Take for example the case examined by Edwards in 2009: the Norfolk and Norwich University Hospital. Seven years into this 35-year PPP, it came under scrutiny at the Committee of Public Accounts. The private partner had invested the equivalent of $318M at the construction stage for the new building. In only seven years, the public side of the partnership had already paid $402M in rent to its private counterpart. At that rate, it was more advantageous for the state to pay the $603M penalty and take over the management of the hospital for the remaining 28 years of the partnership.

Yes, that’s right: the private partner had gotten the equivalent one billion dollars out of taxpayer money for a hospital that had cost $318M to build. Lucky strike? Wait, it gets even worse.

After Edwards published his proposal to buy back the hospital, British civil servants told him that it couldn’t be implemented because an additional clause had been introduced into the PPP contract. As astonishing as it may seem, it provided for payment of all anticipated profits over the 35-year period to the private partner should the partnership be terminated! Now that’s an outrageous example in squandering of public funds, if there ever was any.

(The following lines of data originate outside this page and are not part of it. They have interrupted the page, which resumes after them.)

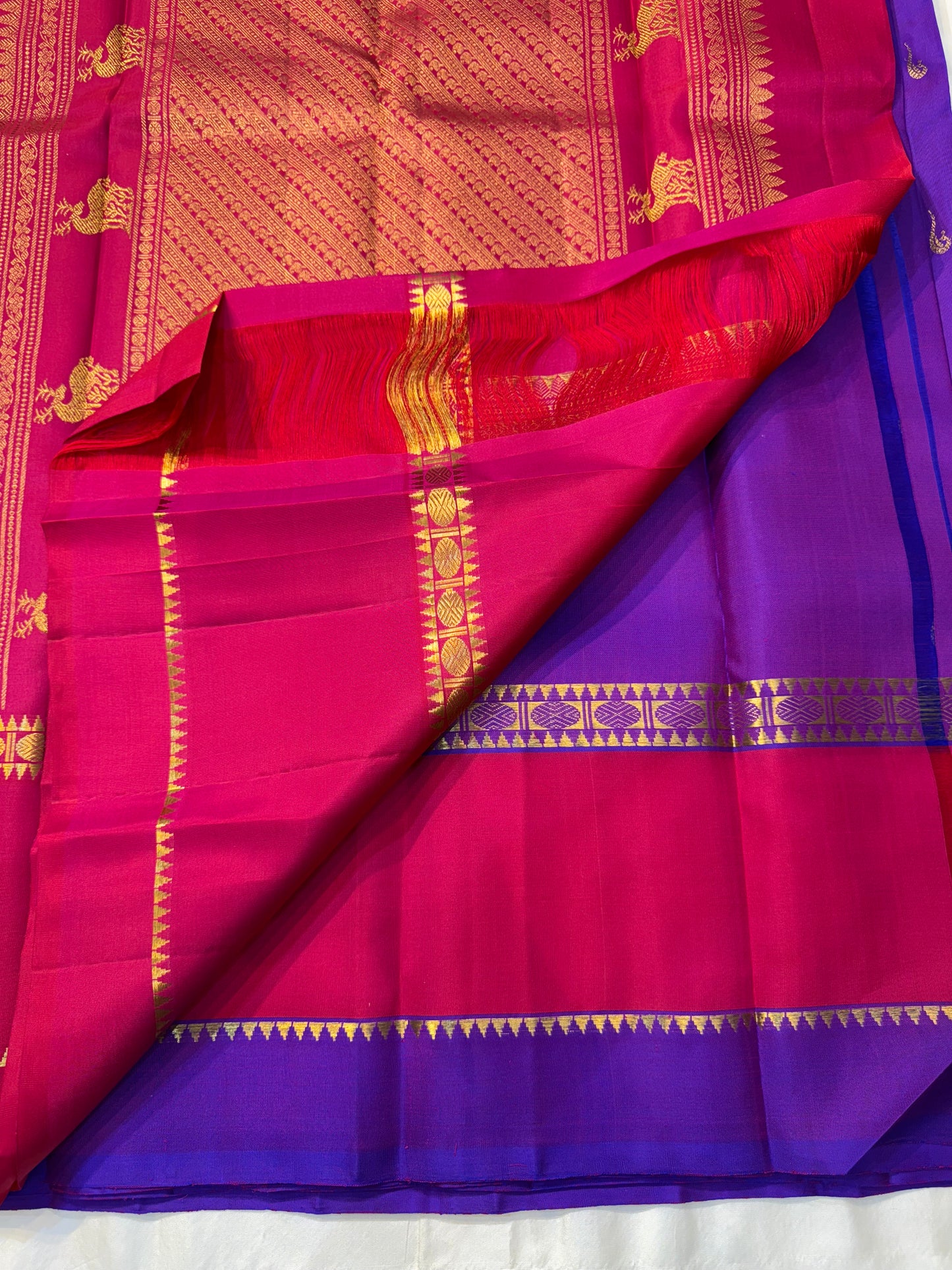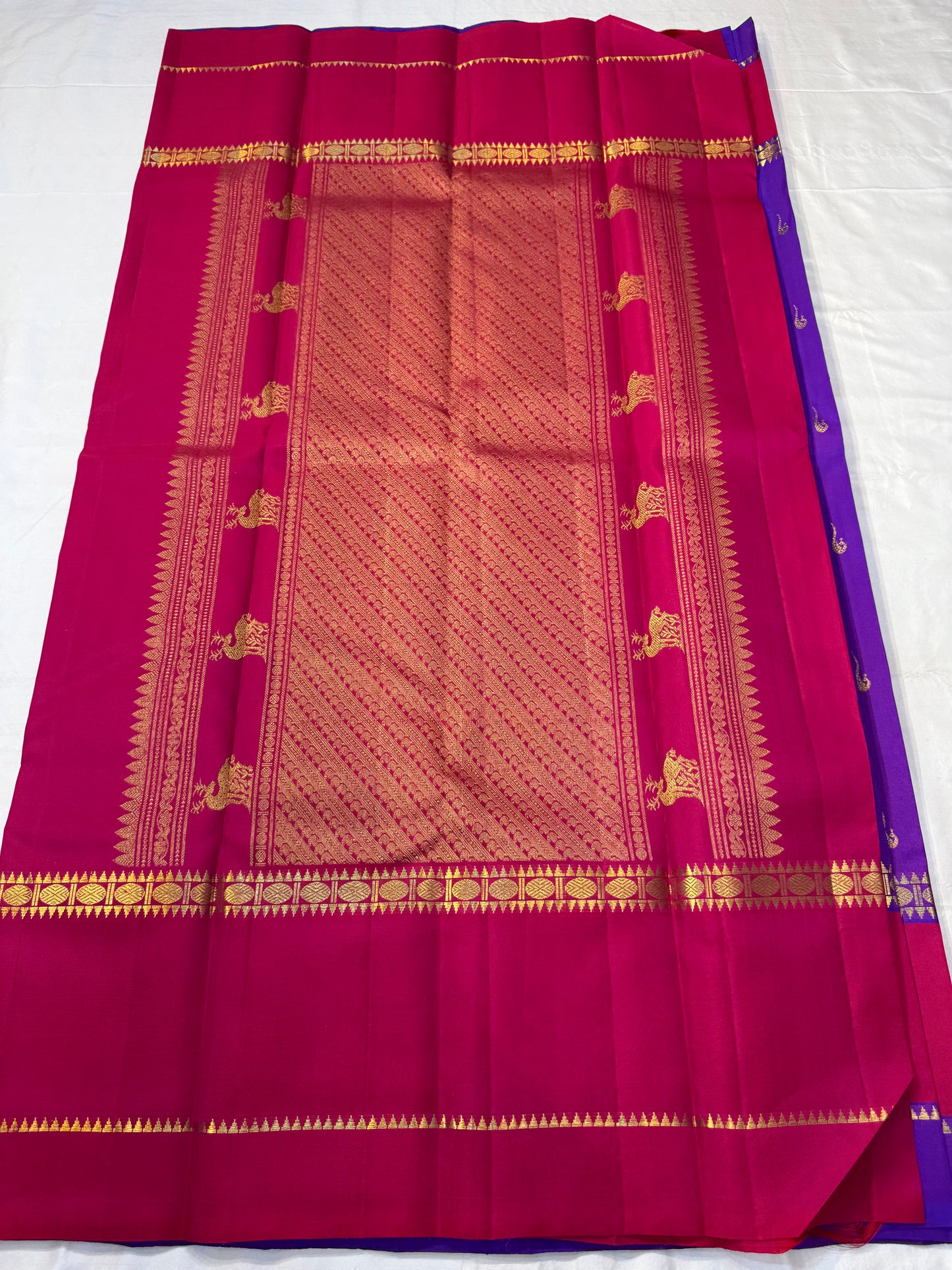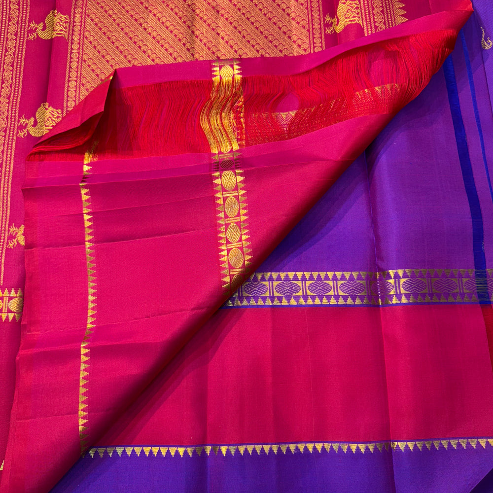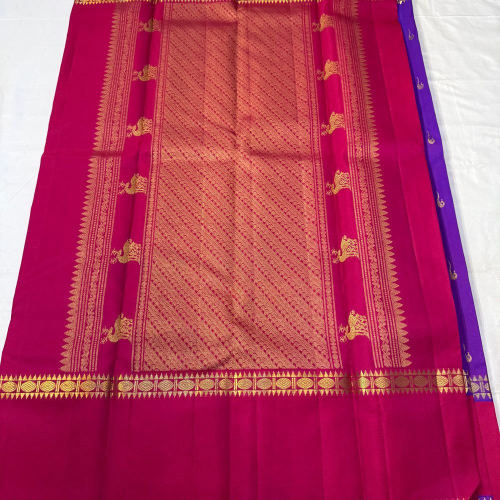 Regular price Rs. 14,500.00Saree Fabric: Pure kanchipuram Handloom silk with beautiful contrast Zari on Korvai border
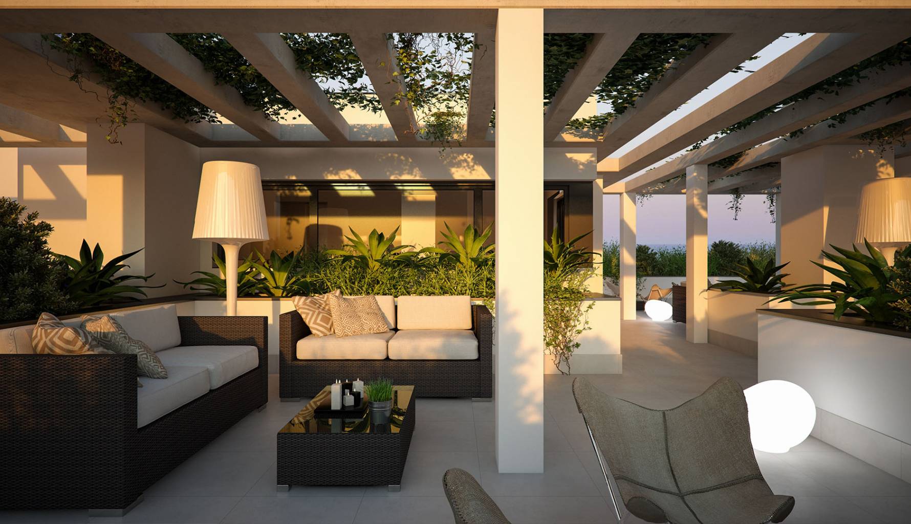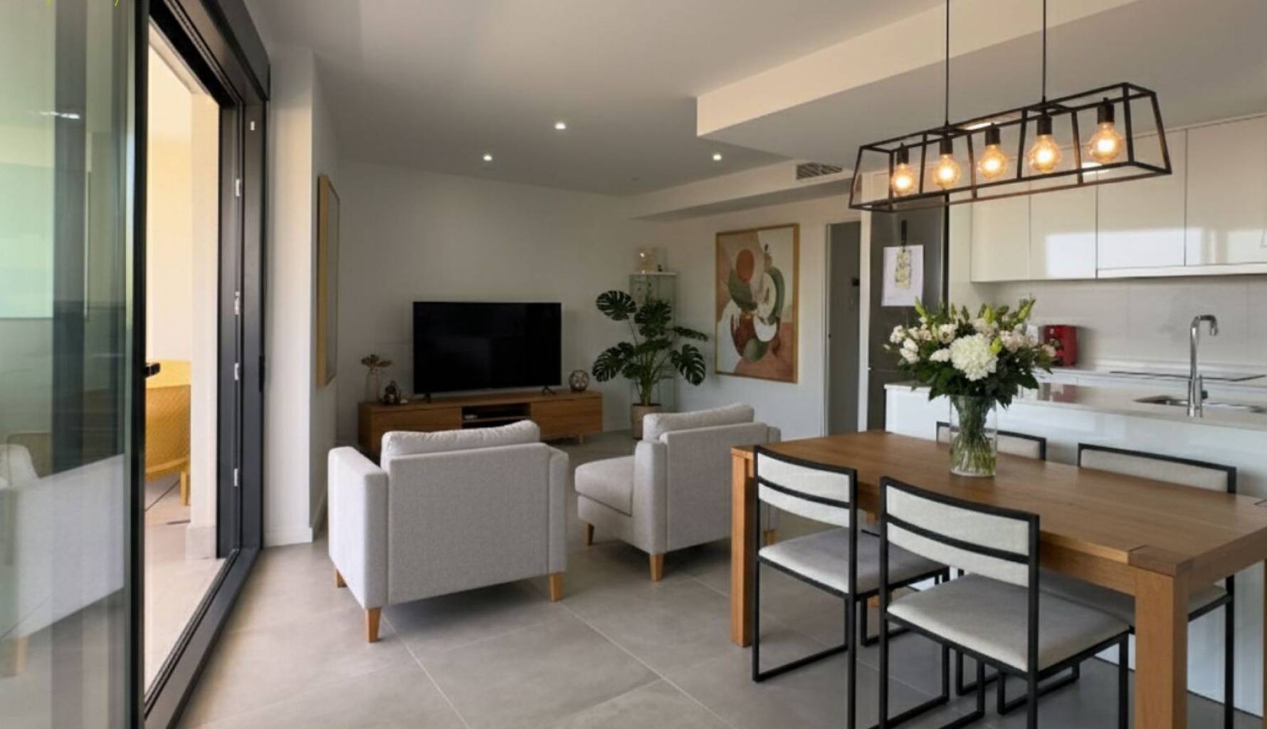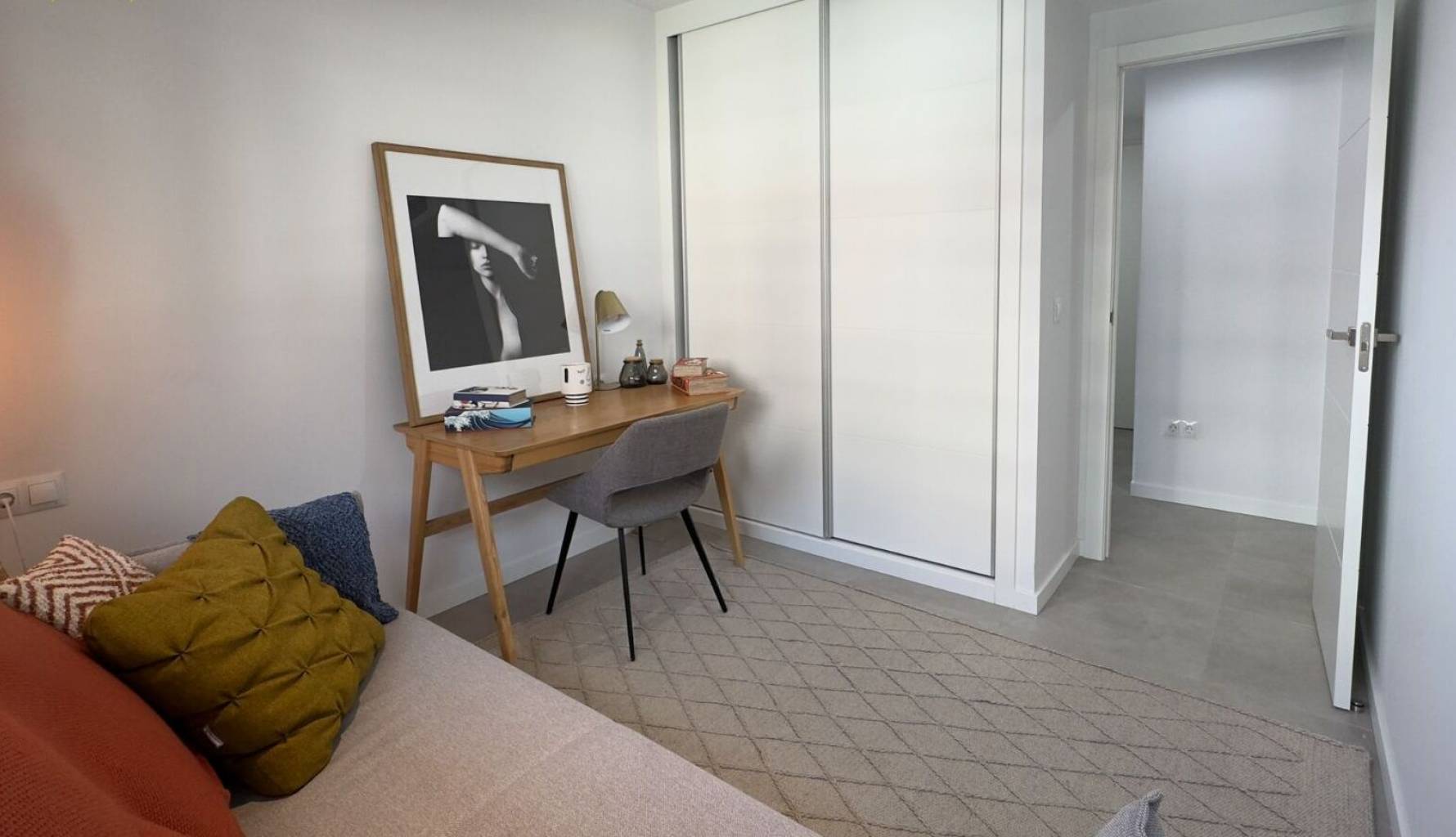 Das Innere der Wohnungen ist mit einem Fokus auf Qualität und Komfort gestaltet. Keramik- und Feinsteinzeugböden bieten eine elegante und langlebige Oberfläche. Die Wohnungen verfügen über 2 oder 3 Schlafzimmer und 2 Bäder, angepasst an unterschiedliche Familienbedürfnisse. Die Ausstattung mit Klimaanlage und modernen Geräten sorgt das ganze Jahr über für ein angenehmes Ambiente. Einbauschränke bieten praktische und effiziente Stauraumlösungen.
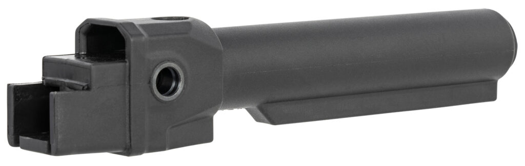 The easy and simple to install Mil-Spec stock tube mount, is non-folding adapter for AK variants. It mounts onto AKM pattern stamped receivers with square cut flat rear receiver section. The tube allows a variety of AR style Mil-Spec collapsible buttstocks to be installed onto an AK variant. It features QD sling mounts on both sides of the stock adapter. The stock tube is hollow with a rubber end plug and it can be used to store parts and cleaning tools.
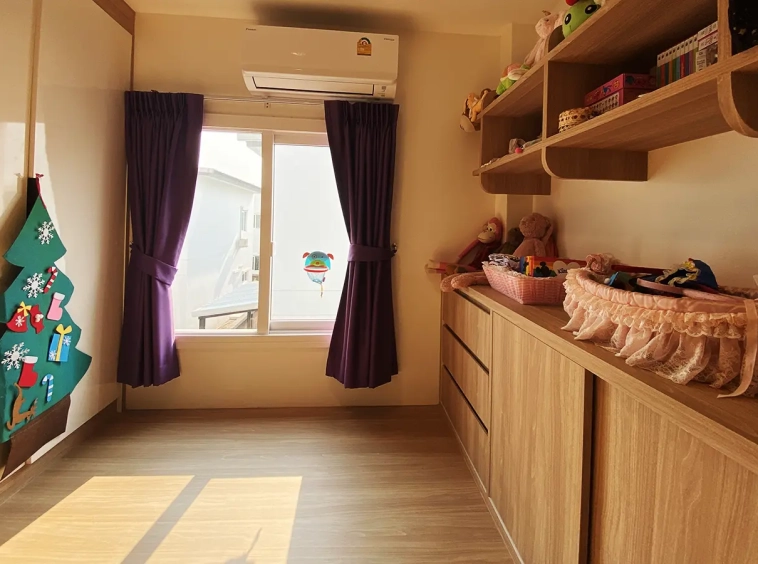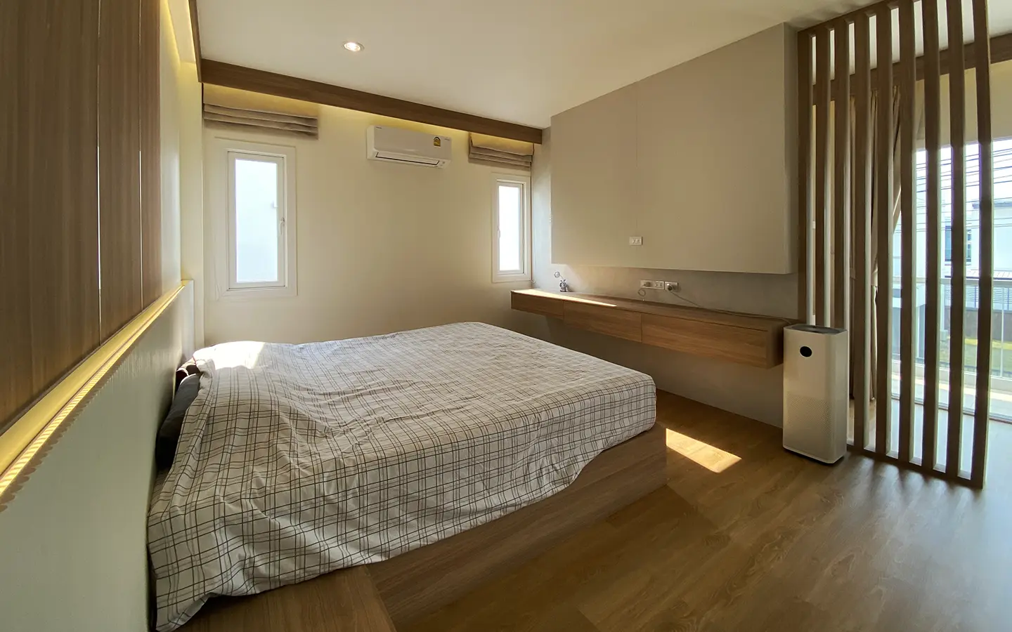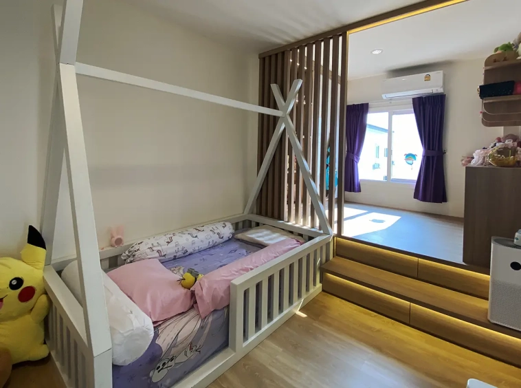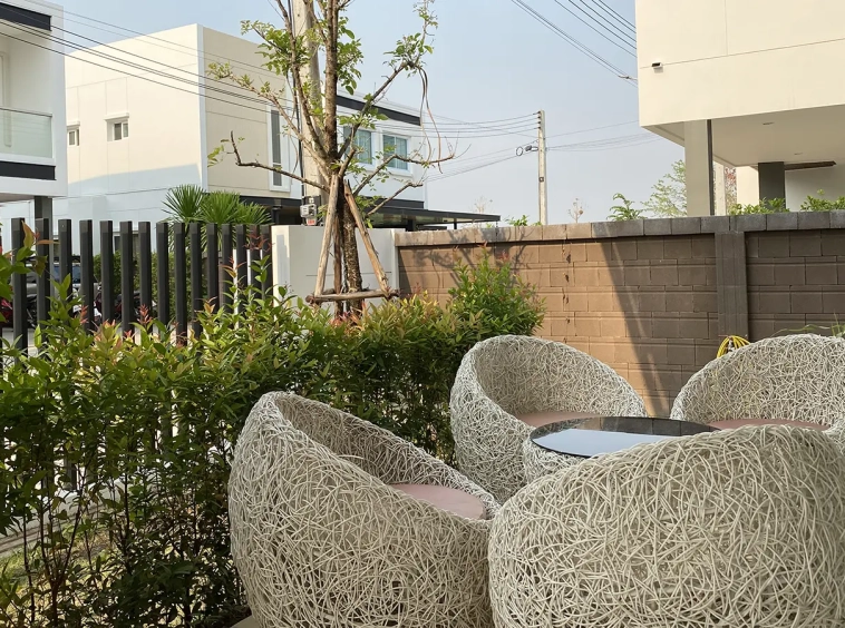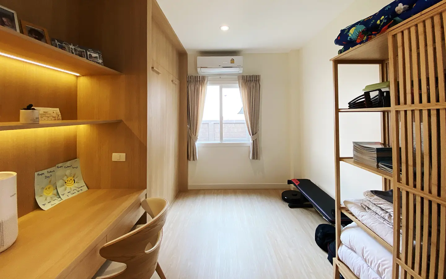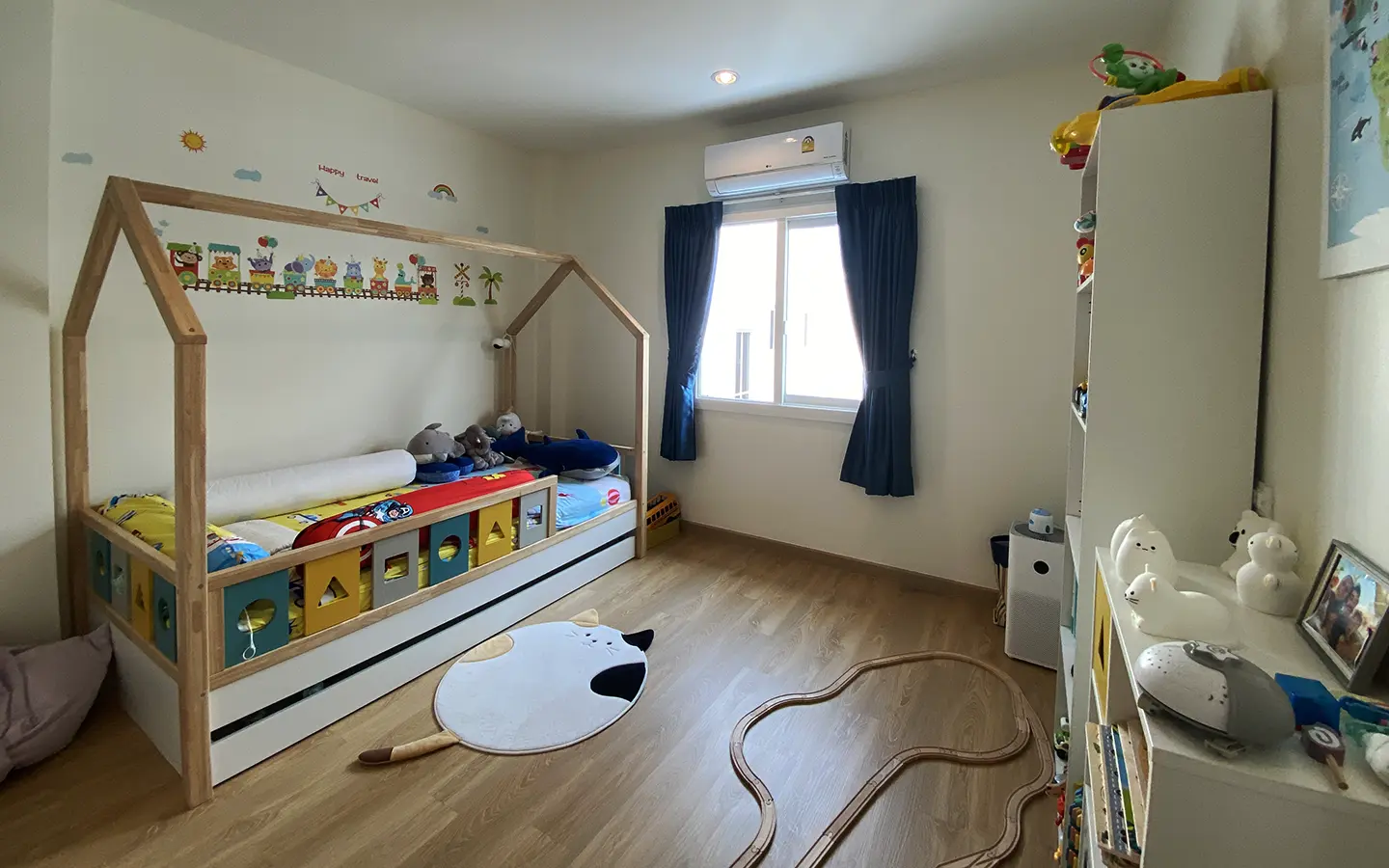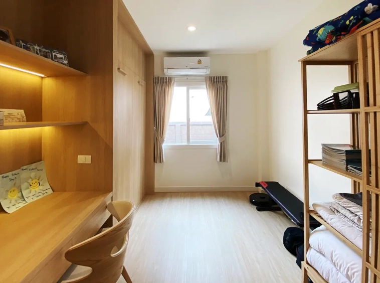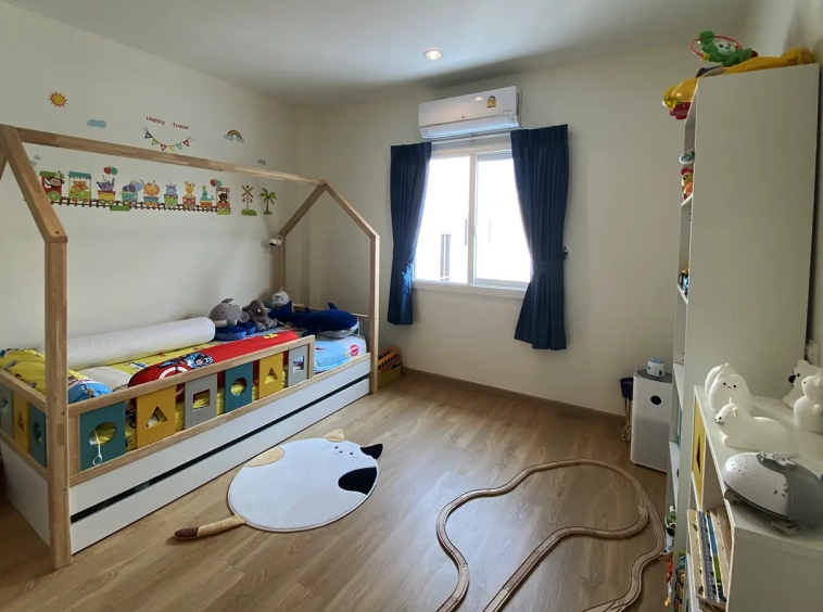 On the second floor, there are 3 bedrooms. The master bedroom comes complete with a walk-through dressing room, a study corner and an ensuite with a shower. Two further bedrooms share a family bathroom. All the rooms are meticulously decorated with natural tone color offering a clean, fresh and light vibe and fitted with high-quality fittings. Outside there is a playground corner and a sitting area in a garden that is easy to maintain. The estate facilities include a resort-style swimming pool with a clubhouse, a gym, a playground and 24hrs security.

Is this also the case for MUHC and CHUM? Should we fear the worst? Do the contracts allow us to terminate agreements as more and more foreign governments are doing? At what cost? IRIS’s conservative estimates are based on the United Kingdom’s numerous PPP projects. Buying back the two superhospitals seems the only responsible option for Quebec’s public finances.

But to ultimately validate these proposals, the government will need to finally show some transparency and reveal without delay the terms of the contracts with the private consortia. Otherwise, the people of Quebec will end up thinking that nasty surprises are (still) lurking as the saga of the superhospitals continues.